His shoulder ached when he bent his arm to put the money in his pocket, but not too badly. A Yankee doctor had given him chloroform and then gone in there and drained an abscess that refused to clear up on its own. Now the wound really was healing. For a long time, he’d wondered if it ever would.

He could walk with only a bare trace of a limp, too, and his leg hardly bothered him at all. Put everything together and the damnyankees had treated him pretty well. Of course, they were also the ones who’d shot him. Given a choice, he would sooner not have been shot. Then he wouldn’t have had to worry about how the damnyankees treated him. But who ever gave a soldier a choice?

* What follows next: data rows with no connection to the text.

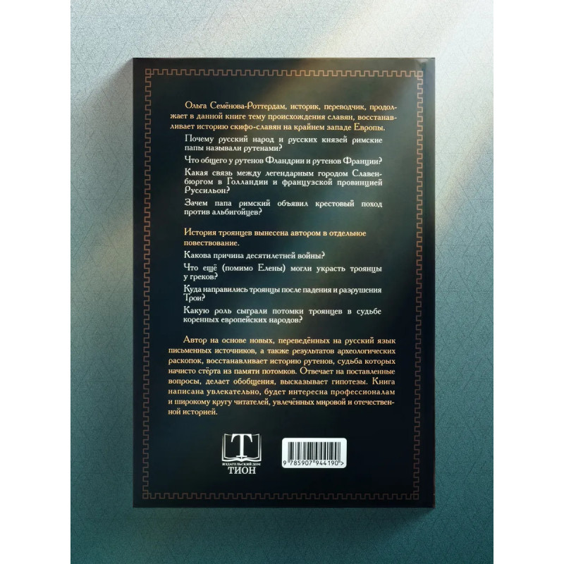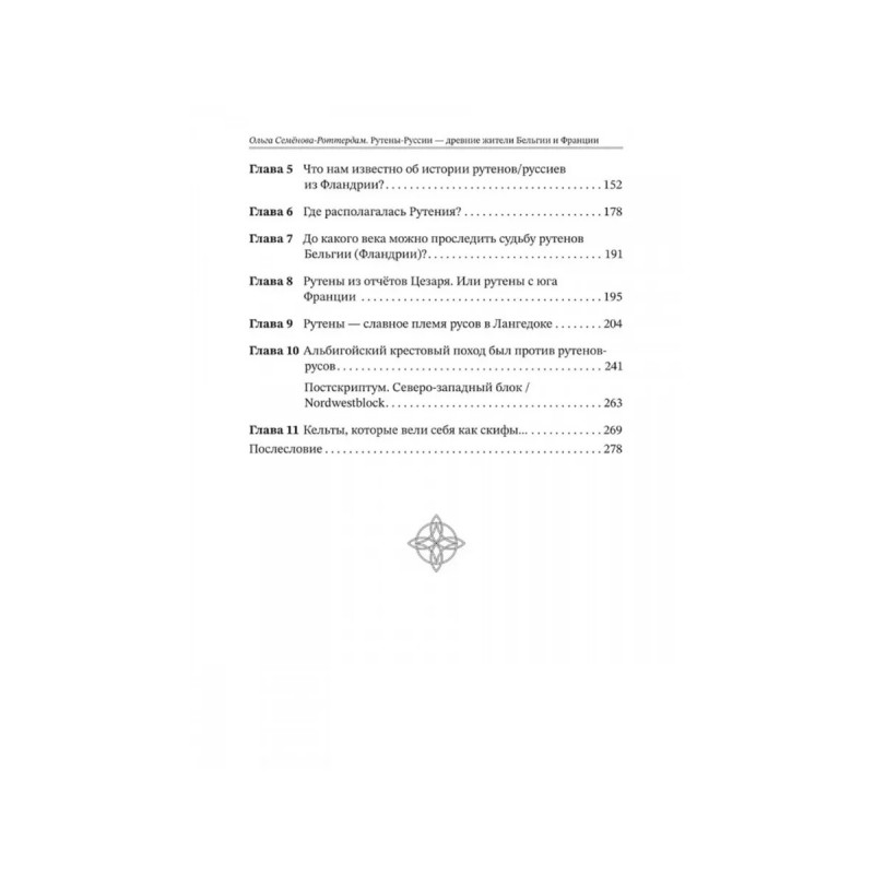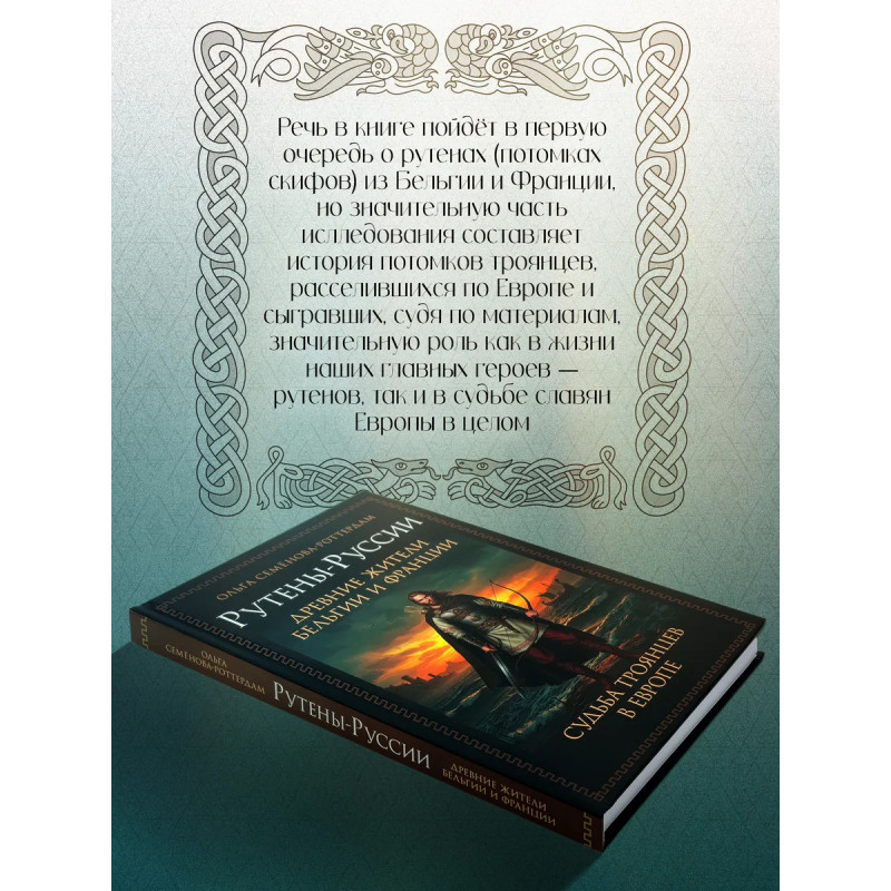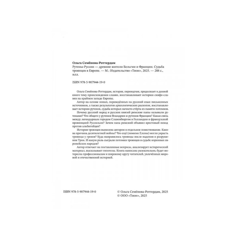 Рутены-Руссии - древние жители Бельгии и Франции. Судьба троянцев в Европе. Семёнова-Роттердам О. Ольга Семёнова-Роттердам, историк, переводчик, продолжает в данной книге тему происхождения славян, восстанавливает историю скифо-славян на крайнем западе Европы. Автор на основе новых, переведённых на русский язык письменных источников, а также результатов археологических раскопок, восстанавливает историю рутенов, судьба которых начисто стёрта из памяти потомков. Почему русский народ и русских князей римские папы называли рутенами? Что общего у рутенов Фландрии и рутенов Франции? Какая связь между легендарным городом Славенбюргом в Голландии и французской провинцией Руссильон? Зачем папа римский объявил крестовый поход против альбигойцев?История троянцев вынесена автором в отдельное повествование. Какова причина десятилетней войны? Что ещё (помимо Елены) могли украсть троянцы у греков? Куда направились троянцы после падения и разрушения Трои. И какую роль сыграли потомки троянцев в судьбе коренных европейских народов?Автор отвечает на поставленные вопросы, анализирует исторический материал, высказывает гипотезы. Книга написана увлекательно, будет интересна профессионалам и широкому кругу читателей, увлечённых мировой и отечественной историе
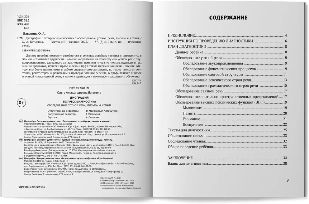 💳 Оплатить за товар можно при получении 🇰🇿 Есть бесплатная доставка по Казахстану от 1 дня 🎁 Копите бонусы с каждой покупки Серия: Развитие речи Данное пособие позволит разобраться в речевых ошибках ученика и определить, в чем он испытывает трудности. Задания направлены на проверку его устной речи: звукопроизношения, словарного запаса, умения изменять слова по числам, падежам и пр., знания предлогов, понятий право и лево и пр.; а также письменной речи и чтения. Материалы будут незаменимы в работе специалистов-логопедов, но также помогут учителям, репетиторам и родителям в проверке умений ребенка, в профилактике ошибок в устной и письменной речи, а также в адаптации к начальному школьному обучению. |
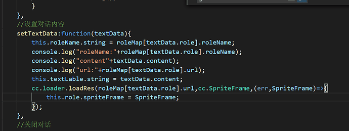 cc.loader.loadRes({url:roleMap[textData.role].url,type:“png”},cc.SpriteFrame,(err,SpriteFrame)=>{
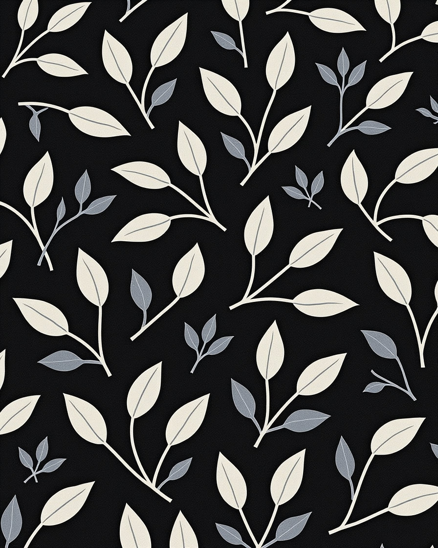 Abstract Botanical Silhouettes with Delicate Leaf Motifs(Black)

Here came Rehoboam, on two sticks and an artificial foot. The Negro prisoner made slow but steady progress toward the paymaster. With nothing better to do, Reggie waited till he too got paid off, then asked, “What are you going to do when you get back to Mississippi?”

“I be goddamned if I know,” Rehoboam answered. “Ain’t no use in the cotton fields no more. Ain’t no good on any kind o’ farm no more. Reckon I got to go to town, but I be goddamned if I know what the hell I do there, neither.”

“You have your letters,” Bartlett said. “I’ve seen that. It’s something.”

“It ain’t much,” Rehoboam said with a scornful toss of his head. “Ain’t like I’m gonna put on no necktie and sit behind no desk at the bank and loan the white folks money. Ain’t gonna be no doctor. Ain’t gonna be no lawyer or preacher. Ain’t gonna be no newspaperman, neither. So what the hell good my letters do me?”

“If you didn’t have ’em, how could you read all the lies the Reds tell?” Reggie asked innocently.